Lab issue -- Please check my projectile launcher calculations

I am making a lab for a class I teach and my results aren't working out and I need another pair of eyes to see if my method is wrong (I apologize if this should go in homework, but it isn't a homework question so I thought it should go here).

I have a projectile launcher. I used a force probe to find it took 7.5 N to push the launcher plug 3.5 cm or 0.035 m which gives me a spring constant of k=7.5/0.035=214. Using W=1/2kx^2 I found the KE of the projectile leaving the launcher to be KE=W=1/2(214)(0.035)^2=0.131 j. Setting KE=U I found the maximum height from 0.131=mgh where the projectile is 17 g or 0.017 kg so h=0.131/((0.017)(9.8))=0.79. When I fired the projectile my height was off by almost a factor of 2 so I think I am missing a factor of 2 somewhere. Any help would be appreciated.

 

[russ_watters]

Is the spring fully extended in the launcher? You said the launcher has a "plug" on it - did you consider its mass? I don't see anything wrong in your calc.

 

[Simon Bridge]

Since you have assumed that all the energy in the spring goes to height (gpe), and the energy in the spring is the work done to compress it, then Fd=mgh right? (where h is measured from the position of the projectile on the compressed spring ... did you apply a constant force all the way?)

h=(7.5x0.035)/(9.8x0.017)=1.5756m ... almost twice your calculation.
i.e. the result for a constant force applied the entire movement.

... Did your launcher fire 2x higher than calculated, or half as high?

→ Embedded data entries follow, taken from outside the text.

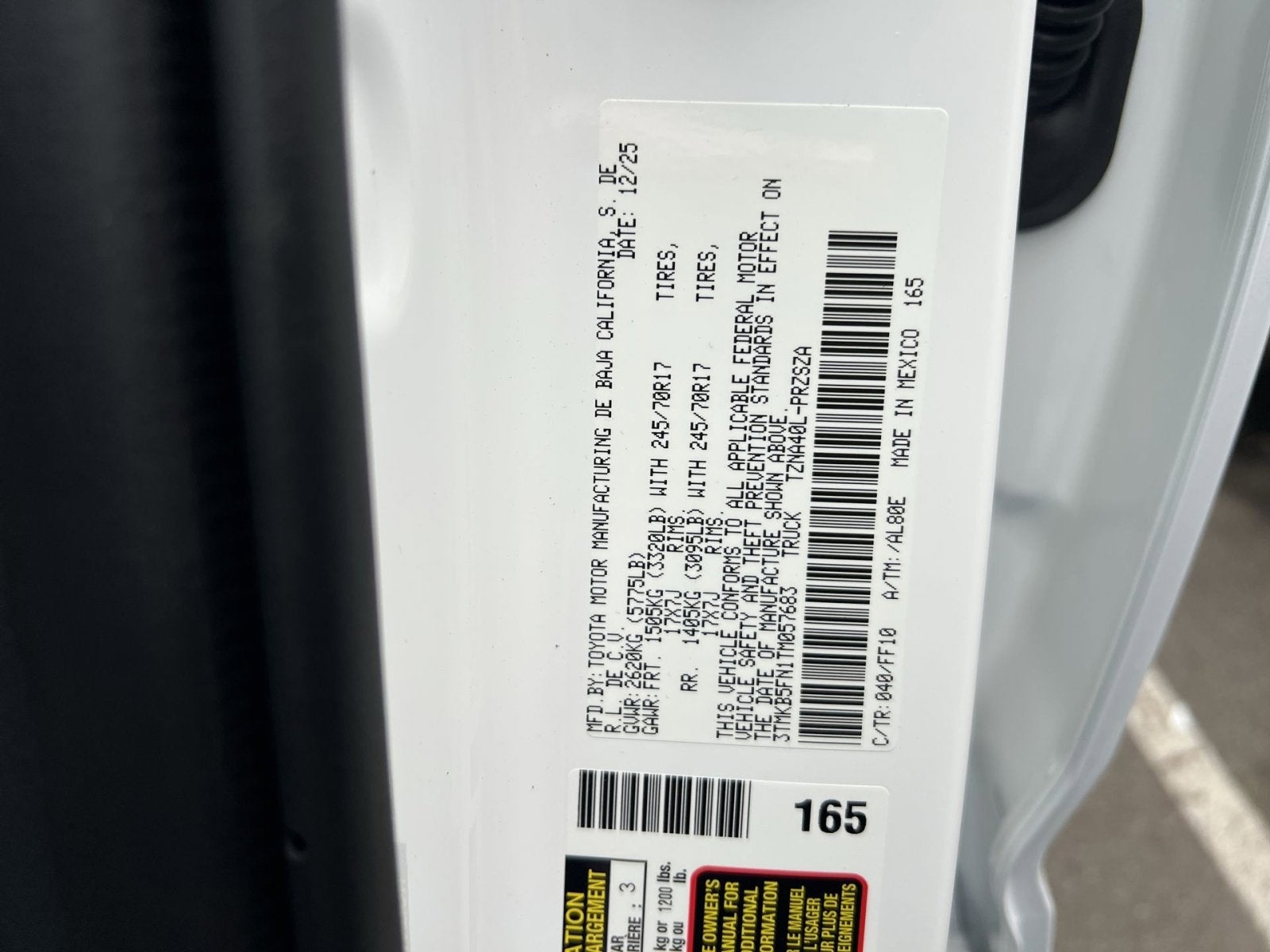 - Vehicle Name: Toyota Tacoma 2WD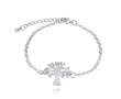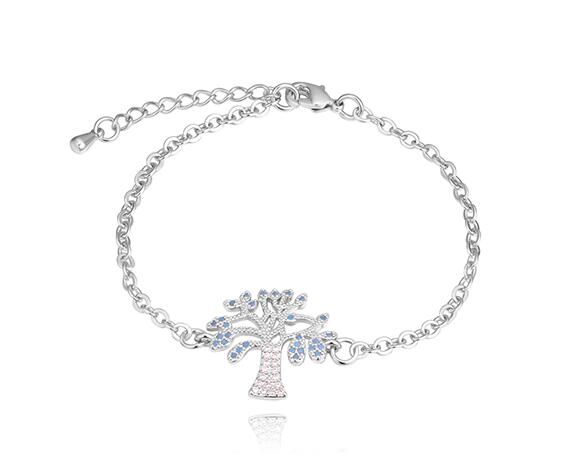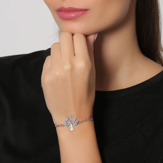 Hermosa pulsera, en baño de oro blanco de 18 quilates, diseño de árbol de la vida, con incrustaciones de cristales azules y blancos.
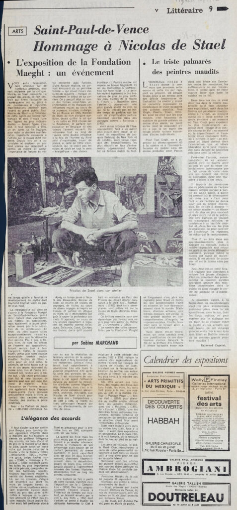 Απόκομμα, χαρτί, 60×27 εκ., στα γαλλικά, δημοσίευσης άρθρου αφιερωμένου στον Nicholas de Staël, με αφορμή έκθεση αφιερωμένη στον καλλιτέχνη, η οποία διεξάγεται στην Fondation Maeght στο Παρίσι.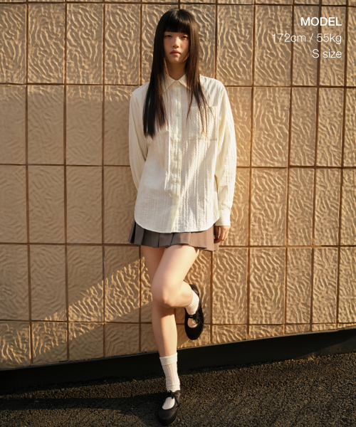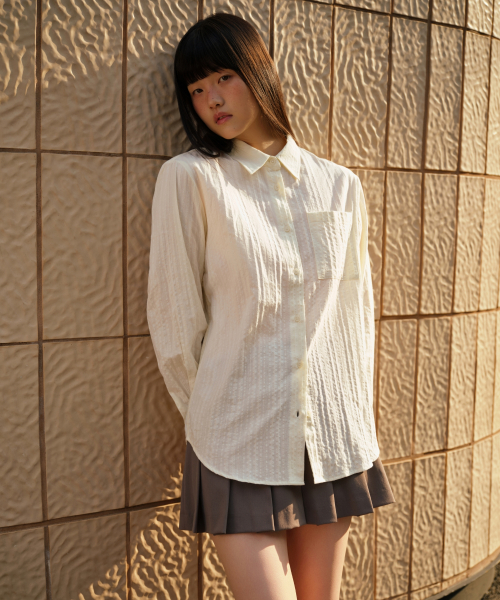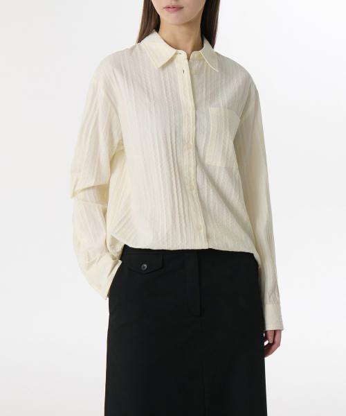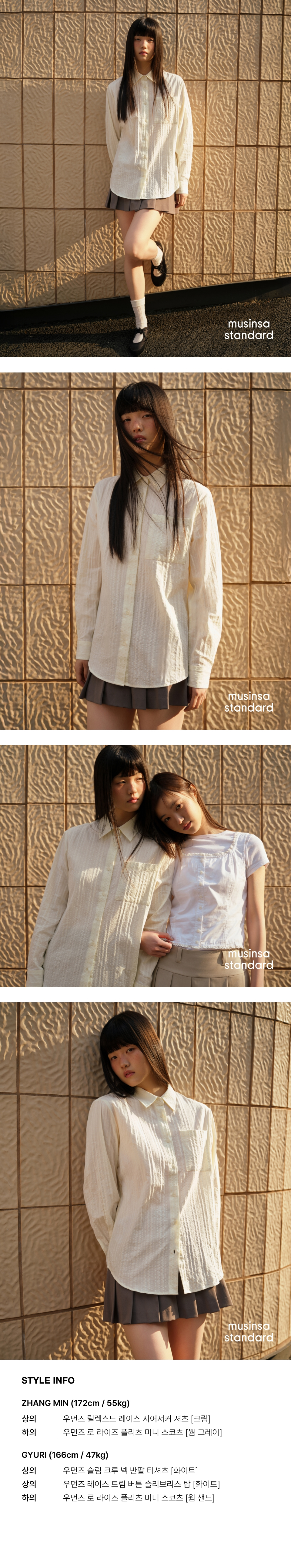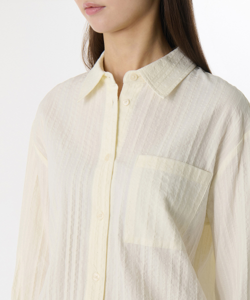 우먼즈 릴렉스드 레이스 시어서커 셔츠 [크림]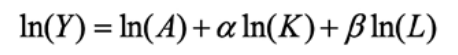 通常假设生产函数为常规模弹性,即α+β=1,那么生产函数可以变形为: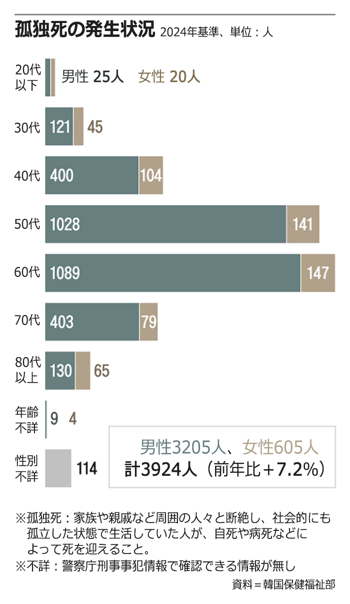 人生の最期も寂しい大韓民国…孤独死前年比7.2%増3924人=過去最多(2/2)

Check that the spring obeys hooks law?

 

[ranger275]

I had not thought of the mass of the plug. My actual height was 0.43 so it was a little more than half of my predicted height. The plug would have to have a mass of 0.173 kg to make that much difference (U(stored in spring)-U(gravity at max height from launcher)=U(gravity change in launcher), 1/2(214)(0.035)^2- (0.017)(9.8)(0.43)=M(9.8)(0.035). The entire launcher only weighs 0.192 kg so I don't think the magnetic plug is anywhere near that. The force can't be constant because the spring force increases as you push the projectile in. I calculated k for x=0.068 and got 208 so it appears to follow hookes law.

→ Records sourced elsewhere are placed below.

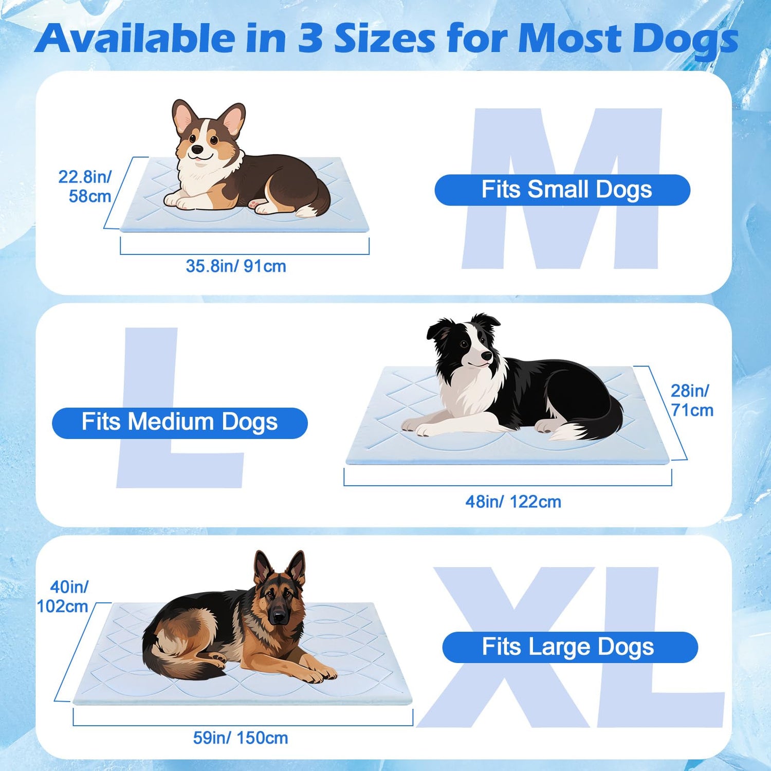 - Multiple Sizes Available: Our dog cooling pads offer multiple sizes for you to choose from: M-35.8"×22.8"×0.8" (91×58×2cm), L-48"×28"×0.8" (122×71×2cm), XL-59"×40"×0.8"(150×102×2cm). Multiple sizes are available to meet the needs of different size pets and are perfect for small, medium and large dogs. You can make a proper choice according to your dog's size.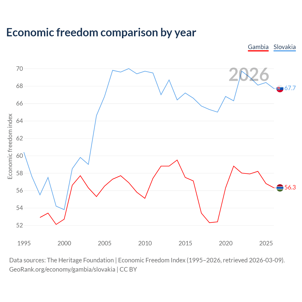 The Economic Freedom Index for the Gambia is 56.3, ranking 123/197, compared to 67.7 for Slovakia, ranking 54/197. The chart above displays a comparison of annual changes in economic freedom indexes.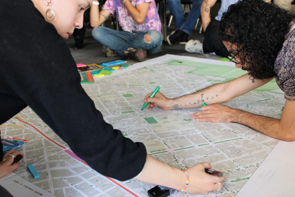 El taller de Chapinero se realizó en dos jornadas: la primera en la Reserva Cerros de Bogotá y, la segunda en un salón ubicado sobre Avenida Chile (Calle 72). En ambas participaron jóvenes y personas adultas y con perfiles diversos -arquitectos, profesoras, jefas de hogar, activistas, trabajadores administrativos-, quienes compartieron miradas sobre la relación entre ciudad, naturaleza y futuro urbano.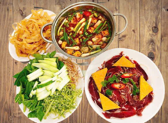 • LẨU BẮP BÒ NHÚNG RIÊU CUA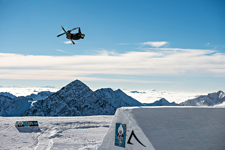 Tom Wallisch testet seine neuen LINE Skis auf den Stubai Prime Park Sessions

I just had a thought. The launcher is magnetized to keep the ball from falling out. Could that be what is slowing the ball down? Thanks for the responses!

 

[Simon Bridge]

OK - so,

• for a spring that obeys hooks law (did you check)
• firing the projectile directly upwards
• neglecting -
  • air resistance
  • mass of the plug
  • rotation of the projectile (was it a ball?)
  • friction in the launcher
  • pull from the magnet
  • recoil of the launcher

$\frac{1}{2}Fd = mgh \Rightarrow h=79\text{cm}$​

You measured: $h=43\text{cm}$

Your rig sounds like a commercial one I've used before - it has an aluminium tube mounted on a protractor+plumb-line thing that you can bolt to a bench. The magnet is very weak so has almost no effect compared to other factors. iirc recoil of the launcher and air resistance were the biggest effects and we saw some effect from the rotation of the ball we used as a projectile.

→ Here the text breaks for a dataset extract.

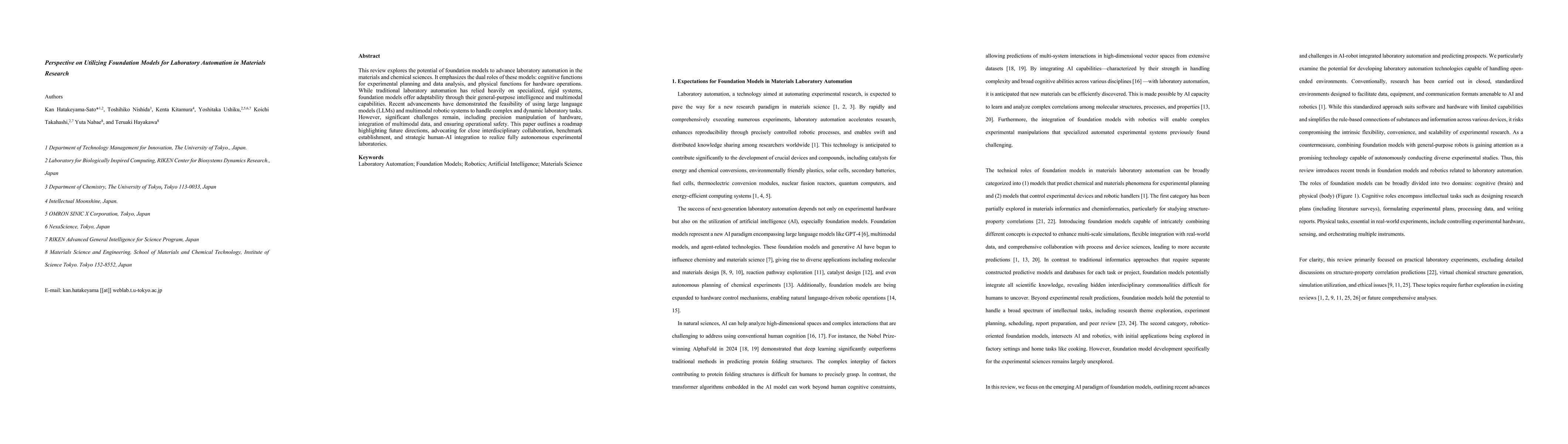 The paper reviews the potential of foundation models in automating materials research labs, highlighting their roles in cognitive tasks like experimental planning and physical tasks such as hardware operations. It discusses recent progress with LLMs and multimodal robots, but also points out challenges like hardware precision, multimodal data integration, and safety, advocating for interdisciplinary collaboration and human-AI integration for future autonomous labs.

The launcher had several settings that could be compared.
You can also compare time-of-flight for firing horizontally with just dropping the projectile from the same height.
(We used a pressure plate and a photogate.)
Also compare predicted range with actual range for horizontal firing - iirc: air resistance was not significant for the vertical movement but was for the horizontal ... higher speeds. It was also significant for firing vertically upwards - but I don't remember how significant it was.

 

[ranger275]

Thanks for all of the help. I think the launcher just doesn't covert the potential spring energy into kinetic energy very efficiently. Thanks again, especially Simon.

 

[Simon Bridge]

How did you determine that?
Did you account for the assumption you made in the test runs?
Could you test it by attempting to make the launcher more efficient.

Oh well - so long as you are happy with the results.